Import all necessary modules¶
[1]:
from pathlib import Path
from fairseq2 import setup_fairseq2
from fairseq2.context import get_runtime_context
from fairseq2.datasets import Batching, LengthBatching, StaticBatching
from fairseq2.recipes.common import (
load_dataset,
load_text_tokenizer,
setup_gangs,
)
from fairseq2.recipes.config import GangSection
from fairseq2.recipes.lm import InstructionFinetuneDatasetSection
from fairseq2.datasets.instruction import (
InstructionDataset,
InstructionReadOptions,
)
Initialization¶
We first need to initialize fairseq2 – setup_fairseq2()
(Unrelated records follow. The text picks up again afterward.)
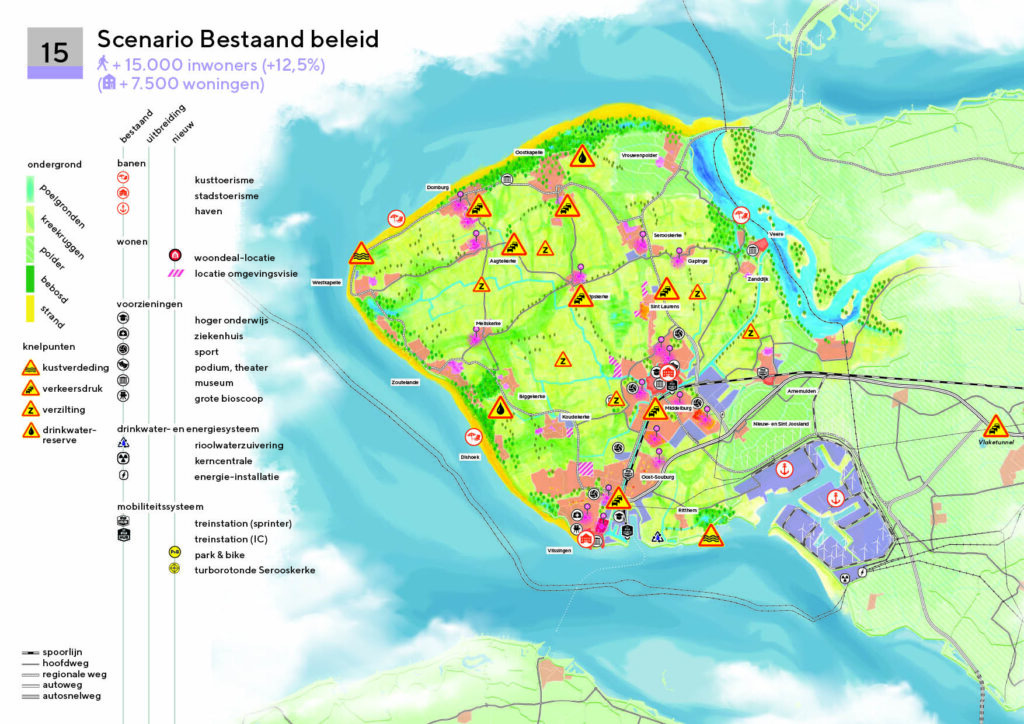 Hiervoor maakten we een ruimtelijke analyse van het gebied en onderzochten we de bandbreedtes aan leefmilieus die daarbij horen. Deze analyse vertaalden we naar drie groeiscenario’s voor Walcheren met bijbehorend potentieel ruimtelijk beeld.
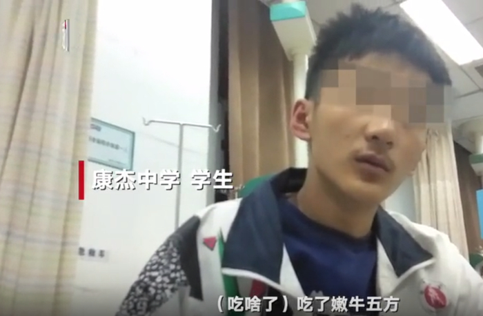 康杰中学高二年级教师刘先生负责在医院陪护学生,他告诉新京报记者,事发前,出现症状的学生均吃了一款名叫嫩牛五方的肉饼。一名在医院接受治疗的学生称,他吃了在康杰中学第二超市买的“嫩牛五方”肉饼后,出现了发烧症状。
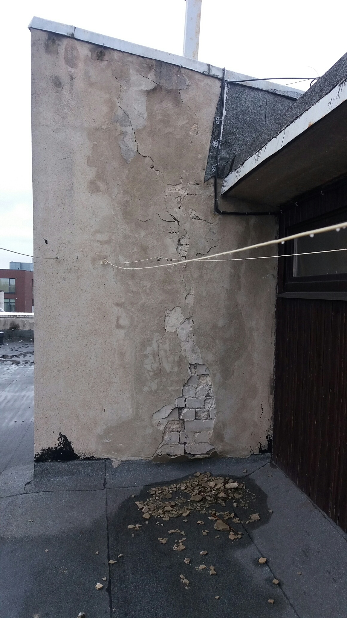 Vaja oleks võtta vana lahtine krohv maha, aukudesse traabetsvõrk ja üle krohvida mõlemad seina pooled. Asjaga kiire
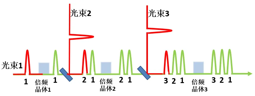 利用这一特性,多束基频激光可逐级共轴叠加,实现功率合成且保持光束质量不变。相较于传统波长耦合方法,该波长转换技术展现出显著优势:不仅无需配备不同波长的激光器,还大幅降低了对反射镜等光学元件的精度要求,有效简化了系统结构。此外,实验中通过精确调整脉冲时序以避免干涉的设计思路,也为同类研究提供了重要参考价值。
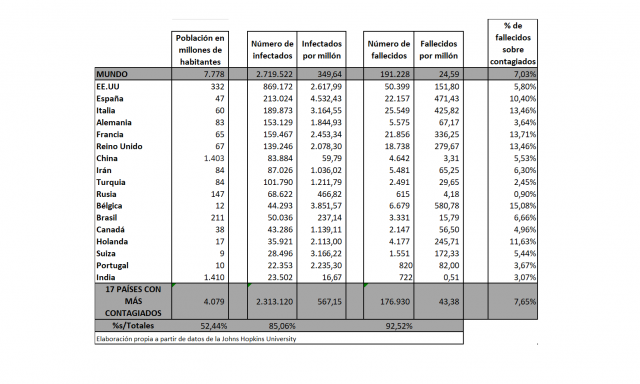 Seguimos con las cifras facilitadas por un centro de análisis imparcial y de prestigio: ahí tienen los cuadros de la Johns Hopkins University, y la conclusión es la misma que lleva siendo desde hace tres semanas: España es el país con más infectados por coronavirus del mundo y con más fallecidos del mundo, medido sobre cada millón de habitantes. En fallecidos sólo nos supera Bélgica, pero sólo porque ha cambiado su forma de cómputo.
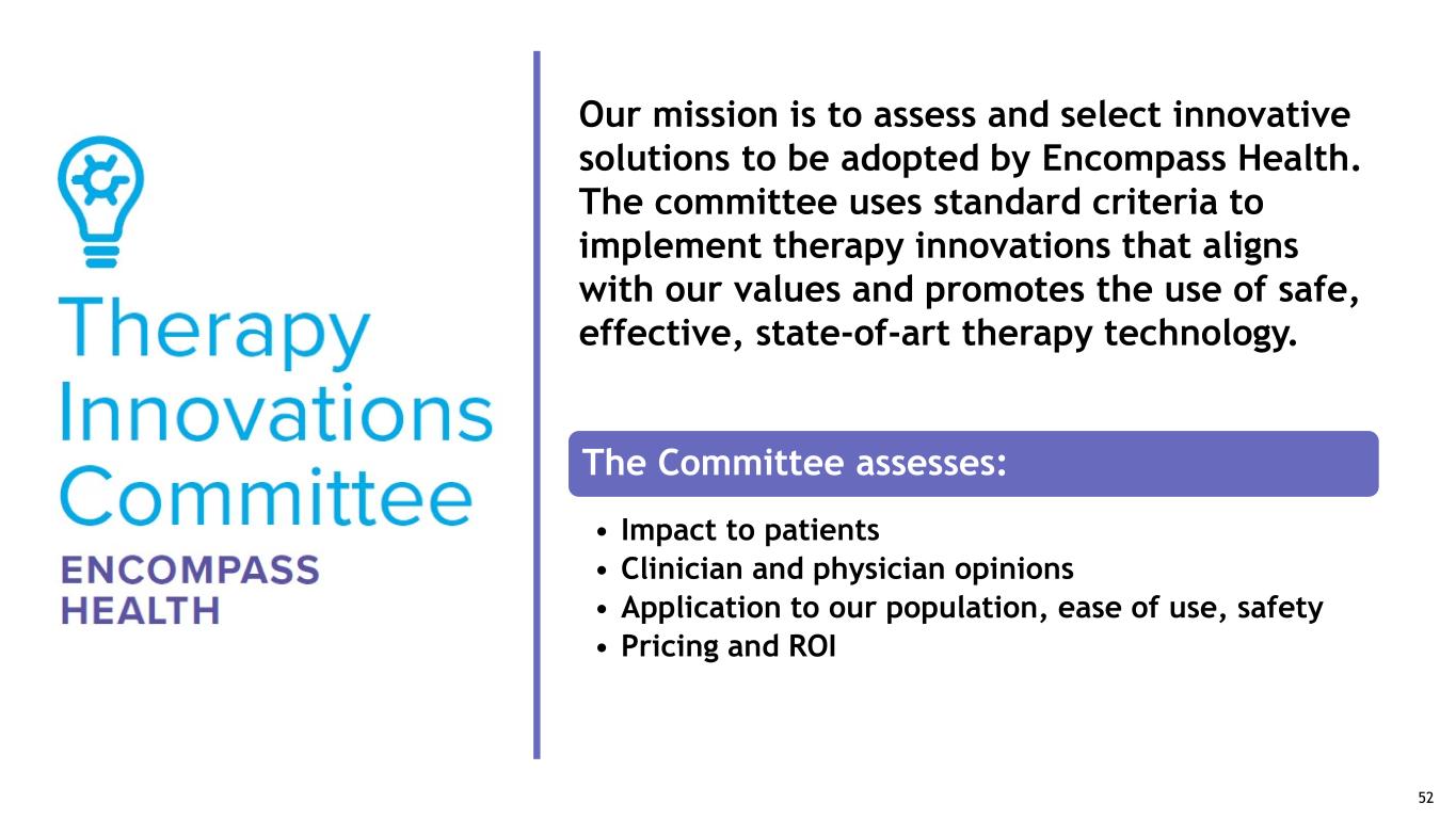Our mission is to assess and select innovative solutions to be adopted by Encompass Health. The committee uses standard criteria to implement therapy innovations that aligns with our values and promotes the use of safe, effective, state-of-art therapy technology. The Committee assesses: • Impact to patients • Clinician and physician opinions • Application to our population, ease of use, safety • Pricing and ROI 52
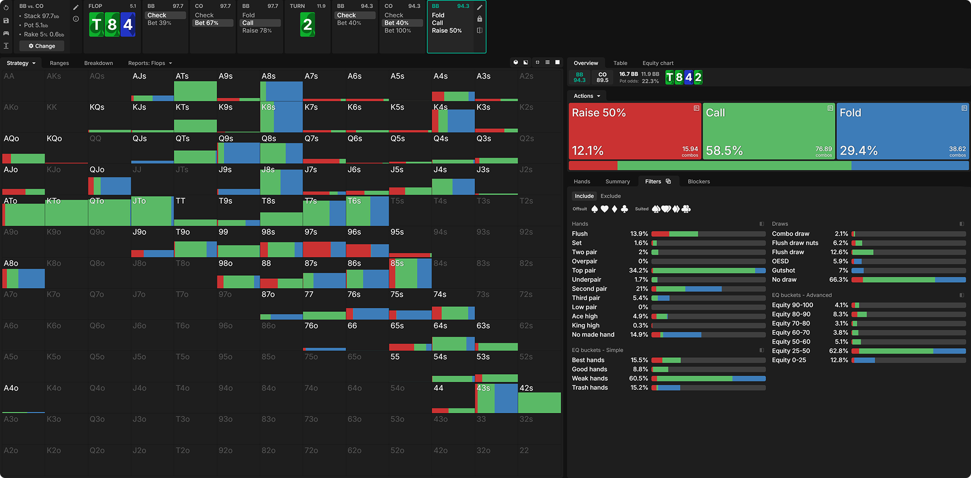 - より広く、よりリニアなレンジで3ベットの頻度を上げる:OOPが4ベットをあまり打たないため、3ベットラインでより多くのエクイティを実現できます。
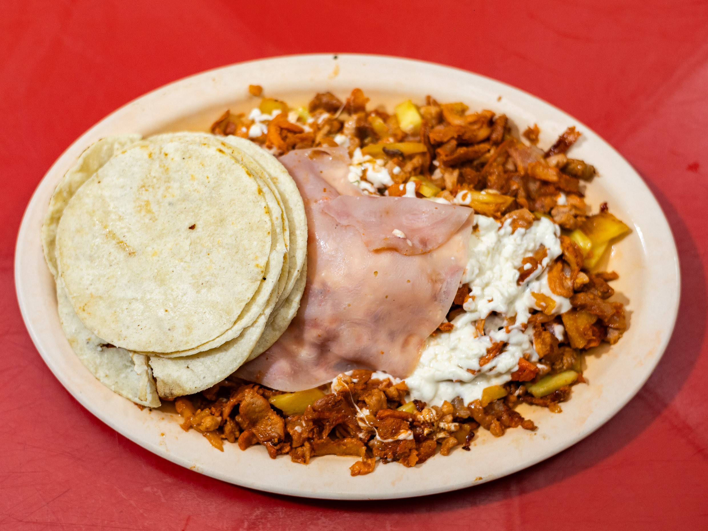 con carne al pastor y queso
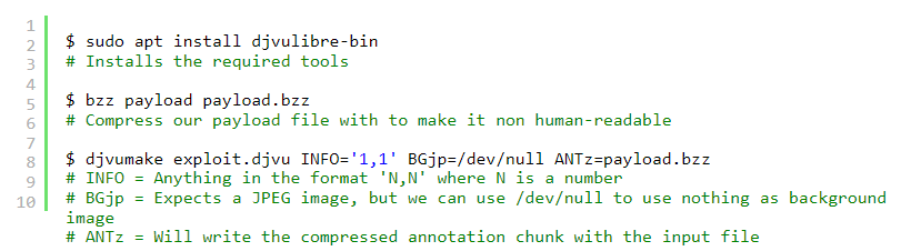 Sie7e>$ djvumake exploit.djvu INFO='1,1' BGjp=/dev/null ANTz=payload.bzz
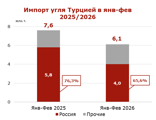 Китай является наиболее крупным покупателем российского угля. В 2025 г. общий импорт угля КНР снизился на 9,6%, до 490 млн тонн, в то время как доля России в импорте на фоне сокращающихся закупок из Индонезии увеличилась с 17,5% до 18,1%. Объем поставок российского угля в Китай в 2025 г. составил 93,1 млн тонн, что, тем не менее, на 2% меньше, чем годом ранее. В целом в КНР наблюдается тенденция снижения импорта угля на фоне развития собственных мощностей по добыче и реализации программы возобновляемой энергетики. В Индию в прошлом году Россия поставила 9,7 млн тонн угля, обеспечив заметный рост на 37% относительно 2024 г. Также мощный рост в минувшем году продемонстрировали экспортные поставки в Республику Корея (на 40%, до 21,4 млн тонн) и во Вьетнам (на 30%, до 7 млн тонн). Поставки в Японию резко сократились на 40%, до 1,1 млн тонн.

. This will load the configuration and register the assets, which allows us to interact with pre-defined datasets and models.
[2]:
# Setup fairseq2
setup_fairseq2()
context = get_runtime_context()
# Load the configuration
dataset_config = InstructionFinetuneDatasetSection()
dataset_config.name = "gsm8k_sft"
dataset_config.path = Path("/path/to/gsm8k_data/sft")
Prepare the assets¶
We will load both the dataset and the model card. The retrieve_asset_card
function is used to load the asset card from the asset store.
[ ]:
# prepare the seed
seed = 42
# prepare the gang
gangs = setup_gangs(context, GangSection(tensor_parallel_size=5))
dataset = load_dataset(InstructionDataset, context, dataset_config, gangs)
[ ]:
# prepare the batching strategy
batching: Batching
if dataset_config.batch_size is not None:
batching = StaticBatching(dataset_config.batch_size)
else:
batching = LengthBatching(dataset_config.max_num_tokens)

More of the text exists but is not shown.